最小の蛾

 最小の蛾がどの種であるかを決めるのははなかなか難しい問題です。ブドウコハモグリはカンキツのミカンハモグリガやモモのモモハモグリガと同じように、葉の表皮の下に線状の食痕を作る小蛾の仲間です。おそらく蛾の仲間では最も小形でしょう。これらの害虫に共通する性質は年による発生量の変動が大きいことです。その理由は越冬率が気象条件に大きく依存することと、多種類の寄生蜂が存在することによります。ところでこれらの小蛾はカンキツやモモでは害虫となる場合がりますが、ブドウでは防除の対象となることはありません。なぜでしょうか?ブドウでは害虫の種類が少ないため、殺虫剤の散布が少なく、天敵の活動が阻害されないためでしょうか。殺虫剤に対する感受性が高いためでしょうか。それぞれの果樹で殺虫剤無散布園を調査してみました。害虫は散布園に比べて多発生します。天敵の種類は多いのですが、二次寄生蜂も多い。

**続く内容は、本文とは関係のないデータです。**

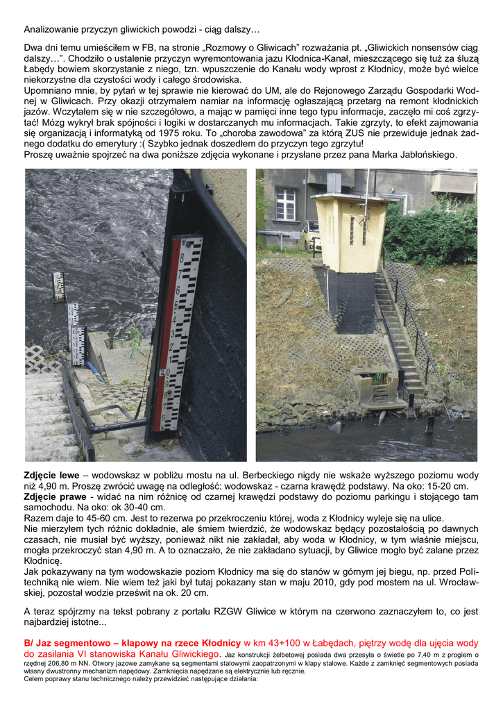 Analizowanie przyczyn gliwickich powodzi - ciąg dalszy… Dwa dni temu umieściłem w FB, na stronie „Rozmowy o Gliwicach” rozważania pt. „Gliwickich nonsensów ciąg dalszy…”. Chodziło o ustalenie przyczyn wyremontowania jazu Kłodnica-Kanał, mieszczącego się tuż za śluzą Łabędy bowiem skorzystanie z niego, tzn. wpuszczenie do Kanału wody wprost z Kłodnicy, może być wielce niekorzystne dla czystości wody i całego środowiska. Upomniano mnie, by pytań w tej sprawie nie kierować do UM, ale do Rejonowego Zarządu Gospodarki Wodnej w Gliwicach. Przy okazji otrzymałem namiar na informację ogłaszającą przetarg na remont kłodnickich jazów. Wczytałem się w nie szczegółowo, a mając w pamięci inne tego typu informacje, zaczęło mi coś zgrzytać! Mózg wykrył brak spójności i logiki w dostarczanych mu informacjach. Takie zgrzyty, to efekt zajmowania się organizacją i informatyką od 1975 roku. To „choroba zawodowa” za którą ZUS nie przewiduje jednak żadnego dodatku do emerytury :( Szybko jednak doszedłem do przyczyn tego zgrzytu! Proszę uważnie spojrzeć na dwa poniższe zdjęcia wykonane i przysłane przez pana Marka Jabłońskiego . Zdjęcie lewe – wodowskaz w pobliżu mostu na ul. Berbeckiego nigdy nie wskaże wyższego poziomu wody niż 4,90 m. Proszę zwrócić uwagę na odległość: wodowskaz - czarna krawędź podstawy. Na oko: 15-20 cm. Zdjęcie prawe - widać na nim różnicę od czarnej krawędzi podstawy do poziomu parkingu i stojącego tam samochodu. Na oko: ok 30-40 cm. Razem daje to 45-60 cm. Jest to rezerwa po przekroczeniu której, woda z Kłodnicy wyleje się na ulice. Nie mierzyłem tych różnic dokładnie, ale śmiem twierdzić, że wodowskaz będący pozostałością po dawnych czasach, nie musiał być wyższy, ponieważ nikt nie zakładał, aby woda w Kłodnicy, w tym właśnie miejscu, mogła przekroczyć stan 4,90 m. A to oznaczało, że nie zakładano sytuacji, by Gliwice mogło być zalane przez Kłodnicę. Jak pokazywany na tym wodowskazie poziom Kłodnicy ma się do stanów w górnym jej biegu, np. przed Politechniką nie wiem. Nie wiem też jaki był tutaj pokazany stan w maju 2010, gdy pod mostem na ul. Wrocławskiej, pozostał wodzie prześwit na ok. 20 cm. A teraz spójrzmy na tekst pobrany z portalu RZGW Gliwice w którym na czerwono zaznaczyłem to, co jest najbardziej istotne... B/ Jaz segmentowo – klapowy na rzece Kłodnicy w km 43+100 w Łabędach, piętrzy wodę dla ujęcia wody do zasilania VI stanowiska Kanału Gliwickiego . Jaz konstrukcji żelbetowej posiada dwa przesyła o świetle po 7,40 m z progiem o rzędnej 206,80 m NN. Otwory jazowe zamykane są segmentami stalowymi zaopatrzonymi w klapy stalowe. Każde z zamknięć segmentowych posiada własny dwustronny mechanizm napędowy. Zamknięcia napędzane są elektrycznie lub ręcznie. Celem poprawy stanu technicznego należy przewidzieć następujące działania: 1. 2. 3. 4. 5. 6. 7. przewidzieć naprawę betonów obu przyczółków i filara środkowego, wykonać analizę, inwentaryzację stanu technicznego obu klap i segmentów oraz mechanizmów wyciągowych w celu określenia ewentu alnej konieczności ich wymiany bądź tylko zabezpieczenia antykorozyjnego, wymienić uszczelnienia klap i segmentów, przewidzieć remont budynków sterowni (pokrycie dachu, ocieplenie budynku, stolarki okienno drzwiowej, instalacji elektrycznej wraz z ogrzewaniem sterowni), przewidzieć remont napędów jazu, przewidzieć naprawę betonów płyty mostu nad jazem, przewidzieć wykonanie zamknięć remontowych, 8. przewidzieć wykonanie monitoringu jazu na śluzę Łabędy. Czy wszystko jasne? Czytelnikom podpowiem jaki nonsens tkwi w takich właśnie sformułowaniach… Otóż jasno z nich wynika, że jaz na ul. Portowej nie służy do regulacji poziomu wody w Kłodnicy - w ogóle ale tylko do piętrzenia wody zasilającej Kanał Gliwicki, bo tak postanowili kiedyś „racjonalizatorzy z PRL-u”. Znaczy to też, że jaz nie zostanie opuszczony w chwili zagrożenia powodziowego miasta. Chyba że... chyba, że do RZGW zadzwoni ktoś “bardzo ważny” i wyda taki rozkaz! Od małego pamiętam takie telefoniczne interwencje. Najbardziej skuteczne były te, w wykonaniu sekretarza PZPR Portu Gliwice.. Z powyższego tekstu wynika, że monitoringiem jazu na wodowskaz przy Berbeckiego - RZGW w ogóle nie jest zainteresowany. Sądzę, że monitoringu Kłodnicy w górnych jej biegach, RZGW też nie wykonuje. Skąd więc RZGW dowie się, że poziom Kłodnicy w mieście jest już tak groźny, że najwyższa pora spuścić nadmiar jej wody do jeziora Dzierżno Duże? Ale też... skąd RZGW dowie się, że ujście potoku Ostropka do Kłodnicy już jest zalane i Ostropka zaczęła zalewanie Szpitala, Teatru i najbliższej okolicy? Brak monitoringu w newralgicznych miejscach Gliwic, może skończyć się źle dla miasta! A Kłodnica nam tego nie odpuści! Ale ciekawe... czy decydenci RZGW wiedzą o istniejących jeszcze na lewym brzegu Kłodnicy polderach osadowych, które kiedyś były głównym źródłem zasilania Portu w wodę z Kłodnicy? W wodę odstaną i pozbawioną osadów węglowych? Chyba nie wiedzą, bo terenów tak strategicznych dla Portu, nie pozwolono by bezsensownie grodzić! Kto je ogrodził? Dzierżawca czy nabywca? Kto wydał decyzję? UM czy RZGW? A może UM i RZGW w ogóle nie współpracują ze sobą? To wszystko oznacza, że UM nie dopracował się, a co gorsza - nie odkrył - spójnego systemu ochrony Gliwic przed zagrożeniem powodziowym. Systemu kiedyś opracowanego, wdrożonego i sprawdzającego się przez długie lata... Ale... ale tylko do chwili gdy nastały wszechwładne rządy “racjonalizatorów rodem z PRL”! Skutkiem tych błędnych decyzji były ogromne, zupełnie zbędne koszty, związane z odmulaniem basenów portowych oraz... ogromne koszty poniesione przez mieszkańców Gliwic i UM - koszty wynikłe z wystąpień Kłodnicy na ulice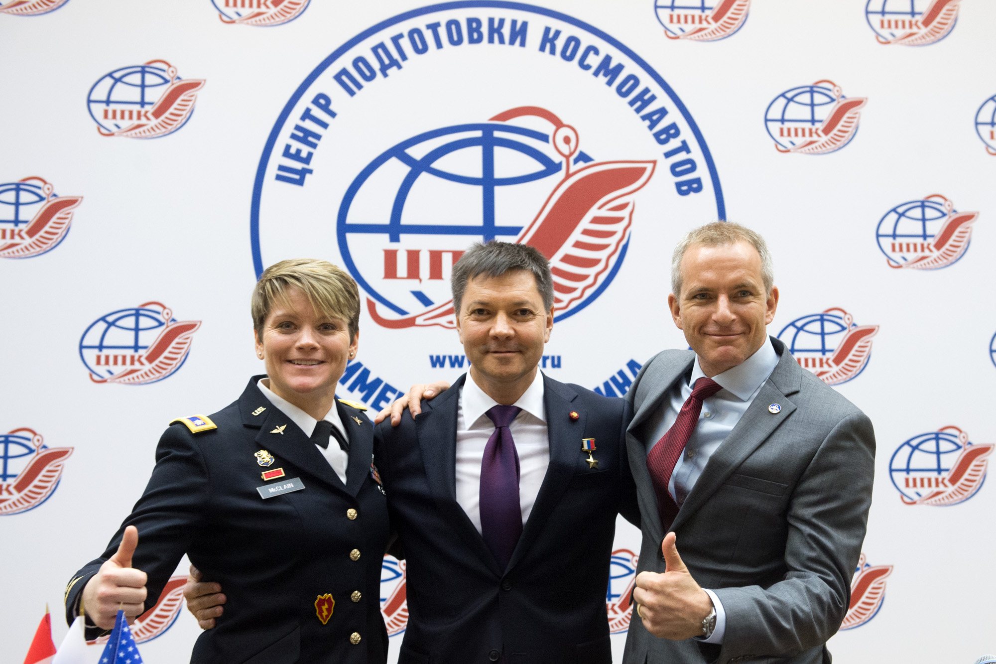 Ils participent à la conférence de presse de l’équipage, visitent le musée Gagarine et la place Rouge. (Source : Centre de formation des cosmonautes Youri-Gagarine (GCTC).)

モモハモグリガの場合には寄生によって落葉が始まります。薬剤による防除が必要になります。ミカンハモグリガやブドウコハモグリはかなりの多発生でも葉が落ちることはありません。そのため生産者は果樹園で防除を行うことはありません。慣行的な薬剤散布園ではブドウコハモグリは全く発生しません。それはブドウコハモグリが薬剤に弱いためと、ヤブガラシというどこにでも生育する雑草に天敵と共に常に発生しているからです。モモハモグリガやミカンハモグリガは次々に発生を繰り返す場合が多いのです。これはモモやカンキツ以外に寄主が少なく、周辺から天敵の供給がないためなのです。